LAWS(PVC)-1931-3-14

(PUTHIYAKATU) KUNHAMMAYAN Vs. (EACHALI) NALAKATH KUNHI SOW

Decided On March 31, 1931
KUNHAMMAYAN Appellant
V/S
(EACHALI) NALAKATH KUNHI SOW Respondents

JUDGEMENT

(1.) The suit out of which this second appeal arises was brought by plaintiff 1, as the assignee of plaintiffs 2 and 3 of their jenm rights under Ex. B and of their rights under the marupat Ex. A, to recover the suit property which is a shop from the three defendants or whichever of them who may be found by the Court to be in possession. To understand the position of the other defendants in the case we must go to the earlier history of the Cheeramoolayil Pookkoth tarwad of which defendant 2 is now the karnavan. The suit property originally belonged to one Kutti Acha, a member of the Cheeramoolayil Pookkoth tarwad and after her death it has become the property of the Cheeramcolayil Pookkoth tarwad. This was not originally admitted by the present plaintiffs, but the lower Courts have now found it and the plaintiffs do not question this finding before me now. After the death of Kutti Acha, her son Kunhikutti Ali became the karnavan of the tarwad. He died in November 1912 while on his return journey from Arabia where he had gone on a pilgrimage. So he is referred to as Hajee. Before he went on pilgrimage it would seem he was able to induce most of the adult members of the Cheeramoolayil Pookkoth tarwad to agree to a certain karar Ex. E according to which some arrangements were made. One of those arrangements was that Rs. 100 were to be paid by the tarwad to his three children by the second wife-they are the present plaintiffs 2 and 3-and his deceased son named Ammad. If the Rs. 100 are not to be paid within six months after his death, the suit property was to vest in the children as their property.

(2.) To this arrangement most of the adult members of the tarwad agreed. One of such agreeing members is the present defendant 2 who was then an anandravan of the tarwad but now karnavan of the tarwad. After Kutti Ali's death, the succeeding karnavan was one Kunhi Ali. It does not appear that he did anything to pay the Rs. 100 within six months. It looks as if he was willing that the suit property or shop should vest in the present plaintiffs 2 and 3. His conduct also supports to some extent the propriety of the arrangement made by the Hajee. After him, one Pookkoth Sow was the succeeding karnavan. It does not appear that Sow did anything either to question the validity of the karar or help the plaintiffs right under the karar. It is said Suit No. 505 of 1915 was filed to question the karar by some of the members of the tarwad, but the papers connected with it are not filed and therefore we may ignore that suit. Another suit, 512 of 1915, also filed by some of the junior members of the tarwad, ended in a compromise, Ex. 2, according to which the provision in favour of plaintiffs 2 and 3 was made not binding on the tarwad. But this compromise cannot bind plaintiffs 2 and 3 because they were not parties to it and it was a collusive compromise between the members of the tarwad. Kunhi Ali was defendant 1 in that suit. From Ex. 2 it does not appear that he was even a party to the compromise. The property itself was held originally by one K. Ammad under a marupat executed to Kunhi Kutti Ali dated 11 July 1912, Ex. 5.

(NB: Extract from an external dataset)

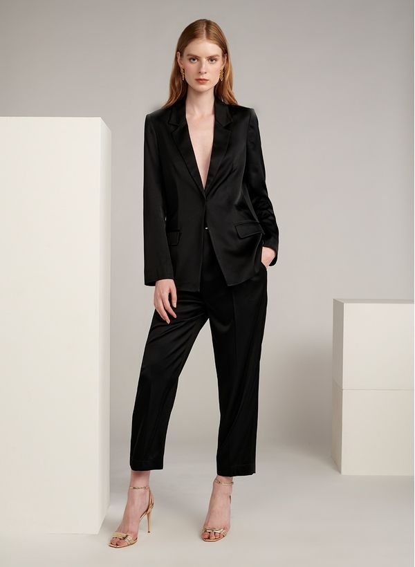 Peça essencial no guarda roupa universal, a calça preta de alfaiataria é versátil e atemporal. Use a Calça Anastacia formando o twin set com o blazer da mesma coleção, acessórios poderosos e sandália de salto alto, para um visual elegante e trendychic.

(3.) He afterwards assigned his lease rights to Hajee's eldest son, defendant 1, who was Hajee's son by a different wife from the mother of plaintiffs 2 and 3 and who therefore belonged to a different tarwad, namely, Eachal Nalakath. Defendant 1 afterwards executed a marupat Ex. A to plaintiffs 2 and 3. This produces the impression that at that time certainly defendant 1 and perhaps the senior members of the Cheeramoolayil Pookkoth tarwad were siding with the plaintiffs and were inclined to support the arrangements in the karar. Plaintiffs 2 and 3 afterwards sold their jenm right under Ex. B and their rights under the marupat Ex. A. In the present suit both the District Munsif and the Subordinate Judge in observing that the Hajee brought about the arrangement to benefit his children thought that Ex. E was not binding on the Cheeramoolayil Pookkoth tarwad. But it has been held in Cheria Pangi Achan V/s. Unnalachan (1917) 38 IC 513, that a karar to which the majority of the adult members of a tarwad or tavazhi are parties is binding on the tavazhi in general and it is not binding on the dissentient members only to the extent of not depriving them of their right to succeed as karnavan and of not depriving them of their right to maintenance. Apart from these two it is binding even on the dissentient members. If there are no dissentient members but if all the adult members are present at the spot and the other members are absent and if that was the reason why they were not parties to the karar, the position seems to become somewhat stronger.